Assim, esta memória registra não apenas uma aula, mas um exercício de formação ampliada, no qual os estudantes puderam experimentar o desafio de pensar criticamente sobre o lugar da cultura no cuidado em saúde e sobre o papel transformador que podem assumir ao acolher, compreender e agir diante das múltiplas realidades que compõem o mosaico cultural do nosso país.

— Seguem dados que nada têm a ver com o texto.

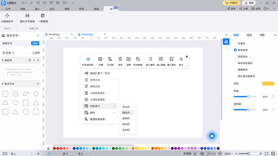 (97国际科技旗下亿图图示AI智能助手2.0,支持自动绘图自动写作等更多适用功效)

É nessa interseção entre saber técnico e sensibilidade humana que se desenha uma prática médica eticamente forte e socialmente comprometida.
Os estudantes puderam compreender que a prática médica, enquanto encontro entre subjetividades, exige do profissional não apenas conhecimento técnico, mas também maturidade para identificar quando determinada prática cultural pode representar risco, vulnerabilidade ou violação de direitos. Ao mesmo tempo, exige abertura para aprender com o outro, ajustando a comunicação de modo a construir entendimento mútuo e garantir que o cuidado seja realmente integral.
Dessa forma, a roda de conversa cumpriu seu propósito pedagógico: fomentar reflexão crítica, ampliar a sensibilidade para as diferentes dimensões da diversidade e reafirmar que a competência cultural não é um atributo opcional, mas um componente essencial da boa prática médica. O debate permaneceu como convite para que cada estudante siga aprofundando essa perspectiva ao longo de sua formação e atuação profissional.

Síntese Final

Profissionais culturalmente competentes:

✨ reconhecem seus vieses por meio da autorreflexão crítica;

✨ acolhem identidades culturalmente diversas;

✨ agem com empatia e alteridade na relação com seus pacientes;

✨ garantem equidade no cuidado; e  

✨ contribuem para fortalecer o SUS e os direitos humanos.